Mário Martins
“Uma revoada de novas questões emerge de cada problema que eles (os cientistas) resolvem. Qualquer que seja a inspiração, ela nasce de um contínuo “não sei”. (…) Por isso valorizo tanto a curta frase “não sei”. É pequena, mas voa com asas poderosas. (…) Torturadores, ditadores, fanáticos e demagogos de todos os tipos (…) “sabem”. Eles sabem, e tudo o que sabem é suficiente para eles de uma vez por todas. Eles não querem saber de mais nada, por isso pode diminuir a força dos seus argumentos. E qualquer conhecimento que não conduza a novas perguntas rapidamente desaparece.”
Wislawa Szymborska, Nobel da literatura
A ciência quer-se útil, de aplicação imediatista, ou, como defende a investigadora Joana Gonçalves de Sá, no seu excelente ensaio “Uma Ideia de Ciência”, a investigação aplicada não deve desincentivar a investigação pura ou fundamental?
Apropriadamente, a autora cita a crítica que o matemático Carl Gustav Jacobi fez à opinião do igualmente matemático (Joseph) Fourier, “de que o objectivo principal da matemática era a utilidade pública e a explicação dos fenómenos naturais; (quando) um filósofo como ele deveria saber que o único fim da ciência é a honra da mente humana e que, sob este propósito, uma questão sobre números vale tanto quanto uma questão sobre o sistema do mundo.”
O que não impede, como refere a autora, que o trabalho em matemática pura de Alan Turing tenha sido crucial para quebrar os códigos nazis.
Ou que a World Wide Web tenha sido criada no CERN (Organização europeia que investiga a física das partículas elementares), para resolver um problema logístico dos investigadores, mas que acabou por mudar o mundo para sempre.

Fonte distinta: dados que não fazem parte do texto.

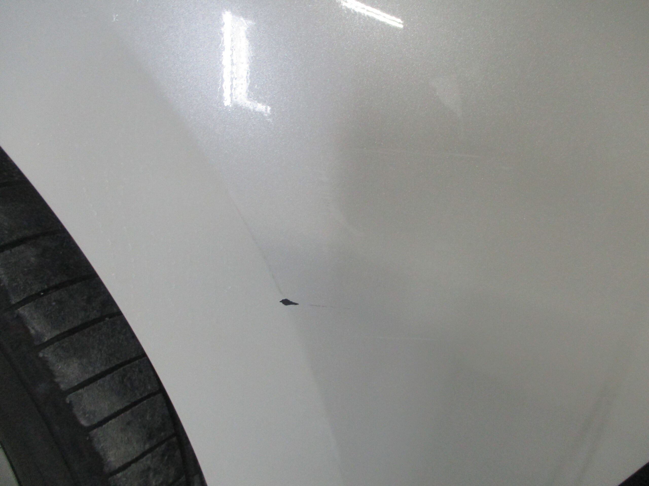 ハリアーのフロントバンパーの右側に横に擦り傷が入ってて一部下地が見えています。今回は対物事故で車両保険での修理になります。

Ou ainda, nas palavras da autora, a descoberta da estrutura da dupla hélice do ADN, que abriu portas à genética molecular e à medicina personalizada; os princípios da mecânica quântica, que abriram a porta a lasers e transístores; ou a teoria da relatividade geral, cujas aplicações usamos todos os dias através do GPS.
A investigadora dedica um capítulo ao “futuro agora”, não sem antes citar o aforismo atribuído ao físico Niels Bohr, segundo o qual é muito difícil fazer previsões, principalmente quando estas são sobre o futuro. E, como não podia deixar de abordar um tema que está na berlinda, foca-se na Inteligência Artificial.

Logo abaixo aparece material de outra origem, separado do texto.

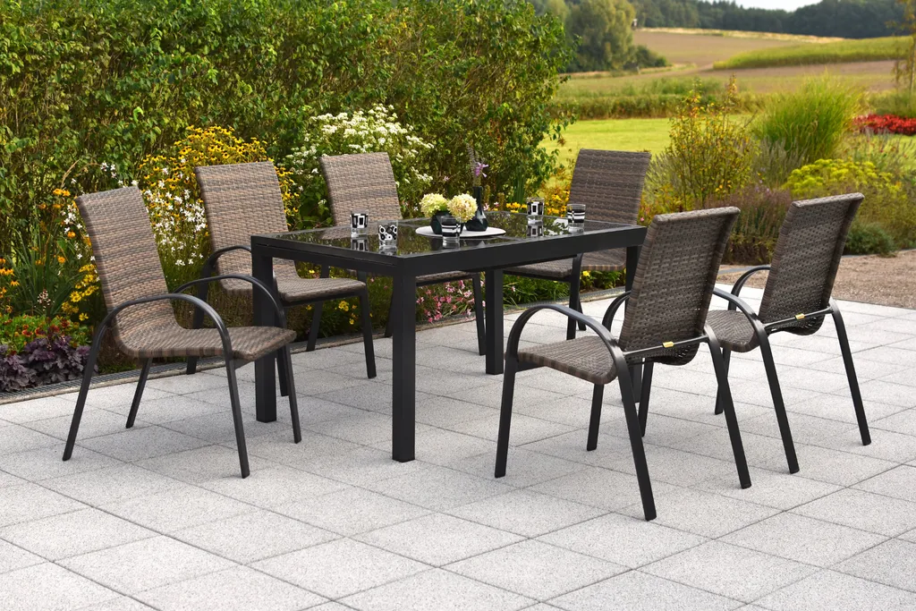 Merxx Gartenmöbelset „Varese“ 7tlg. – Aluminiumgestell Mit Kunststoffgeflecht Mudbraun – 50583-275

Numa visão “não alarmista”, a Inteligência Artificial, na medida em que é uma criação humana, não passaria de mais uma ferramenta computacional, revolucionária sem dúvida, mas com funcionamento definido pelas regras de programação. Contudo, talvez esta seja uma ideia ingénua, própria de um leigo como eu.

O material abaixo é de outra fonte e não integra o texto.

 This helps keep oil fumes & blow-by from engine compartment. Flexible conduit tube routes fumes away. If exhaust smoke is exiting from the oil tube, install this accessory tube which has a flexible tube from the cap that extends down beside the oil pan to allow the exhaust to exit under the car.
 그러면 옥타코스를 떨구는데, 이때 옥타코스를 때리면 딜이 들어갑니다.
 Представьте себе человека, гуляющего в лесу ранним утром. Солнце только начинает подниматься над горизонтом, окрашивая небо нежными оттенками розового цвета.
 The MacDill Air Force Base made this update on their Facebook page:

A autora é, todavia, mais cautelosa, pois admite que ela (a IA) passe a ser geral, “ou seja, capaz de resolver muitos problemas diferentes, oferecer soluções criativas e talvez até desenvolver consciência, potencialmente substituindo ou, quem sabe, voltando-se contra a humanidade.” Sublinha, no entanto, que “ninguém pode determinar com certeza quão próximos estamos ou qual a probabilidade de isso acontecer.”
Enfim, tal como Arthur C. Clark manifestou, esperemos que conservemos sempre a faculdade de desligar a ficha quando quisermos.